Better bank tax

Toledo Blade - April 23, 2012
   

Editorial

Gov. John Kasich’s budget package includes a proposal for a new tax on Ohio financial institutions. It would replace current state levies on banks, savings institutions, securities and mortgage brokers, and payday lenders.

State officials say the plan would eliminate loopholes that enable some banks to avoid paying tens of millions of dollars in taxes each year. That’s appealing.

But instead of using revenue from the new tax to begin to restore drastic cuts in state aid to public schools, local governments, and essential state services, Mr. Kasich would redistribute that money to banks that don’t need it, in the form of lower tax rates. As Ohio’s recession grinds on, those priorities are askew.

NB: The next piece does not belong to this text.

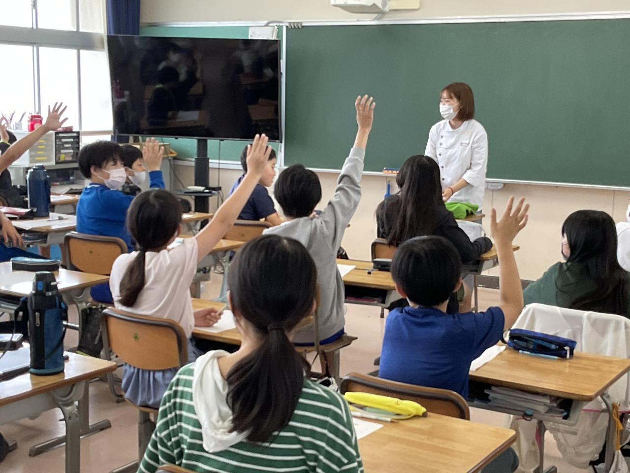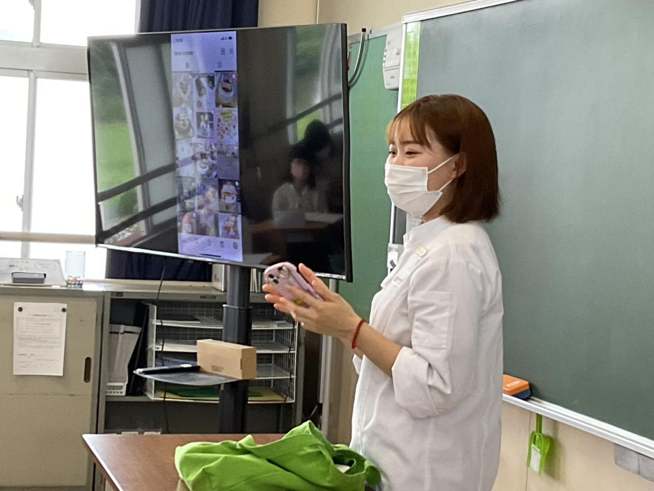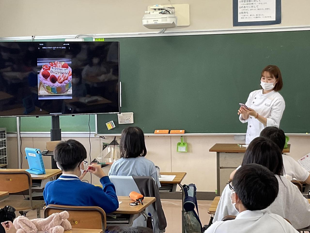 新村の「Dearコロン」のオーナー兼パティシェール、濱田さんは本校の卒業生。子どもたちにお話ししてくれませんか、とお願いしたところ、大野小学校のみんなのためなら、と開店の時間を遅らせてまで来てくださいました。

Banks, savings institutions, and related companies now pay Ohio’s corporate franchise tax, assessed at 1.3 percent of net worth. Securities and mortgage brokers, payday lenders, and finance companies pay a different, 0.8 percent tax.

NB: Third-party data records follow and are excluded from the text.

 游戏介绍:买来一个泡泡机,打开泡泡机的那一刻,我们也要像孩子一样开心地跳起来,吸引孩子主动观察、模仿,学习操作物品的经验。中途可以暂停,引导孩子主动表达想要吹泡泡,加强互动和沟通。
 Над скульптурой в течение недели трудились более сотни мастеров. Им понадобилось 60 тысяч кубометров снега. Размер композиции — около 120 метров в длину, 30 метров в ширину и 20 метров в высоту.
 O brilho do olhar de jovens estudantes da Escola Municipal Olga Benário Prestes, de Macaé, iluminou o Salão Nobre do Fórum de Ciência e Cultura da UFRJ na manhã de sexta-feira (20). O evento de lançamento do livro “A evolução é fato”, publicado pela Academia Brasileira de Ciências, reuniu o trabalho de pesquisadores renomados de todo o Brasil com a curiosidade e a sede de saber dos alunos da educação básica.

The governor’s proposal would tax all financial institutions at the same rate. It would raise a projected $225 million a year, roughly the same amount of revenue as the taxes it would replace.

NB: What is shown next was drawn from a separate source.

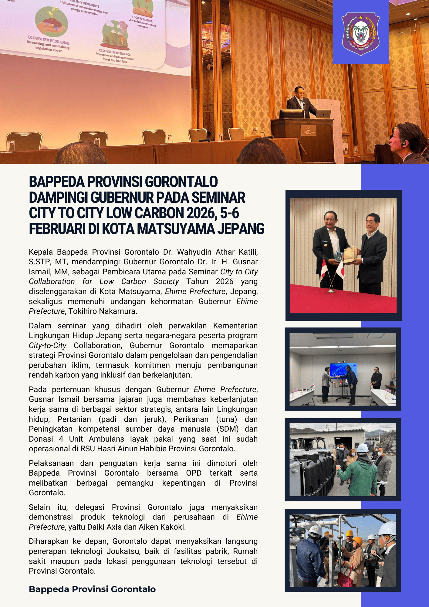 Bappeda Provinsi Gorontalo dampingi Gubernur pada seminar City-to-City Low Carbon, Matsuyama-Ehime, Jepang

The overall tax rate for banks would drop from 1.3 percent to 0.8 percent. The state’s largest dozen or so banks and other financial institutions, in addition to benefiting from that rate cut, would qualify for an additional reduction based on the amount of their “equity capital” in Ohio as measured by gross receipts.

The nonpartisan research and advocacy group Policy Matters Ohio contends that cutting taxes on banks is not likely to stimulate new lending and boost the state economy — the rationale for the tax plan. The group cites financial industry officials who say that many Ohio banks have plenty of cash, but currently claim a lack of demand for loans.

Rather than reduce the tax rate for banks, Policy Matters Ohio credibly argues, the state should tax all financial institutions at the 1.3 percent rate that banks now pay. State lawmakers ought to close loopholes in the tax system without merely returning that money to financial institutions in a different form.

Instead, they should use the money to start to reverse the spending slashes in the current state budget. As an alternative, Policy Matters Ohio proposes applying the tax revenue to helping Ohio home-owners who are threatened with foreclosure — often because of reckless lending behavior by banks and other financial institutions — and to demolishing abandoned and vacant houses.

Broadening the state’s tax base by closing loopholes is good policy, for which Governor Kasich should be commended. But there is no need to deliver a tax rate cut to Ohio financial institutions that are already doing well. As on other state fiscal issues, the goals should be greater fairness and inclusiveness.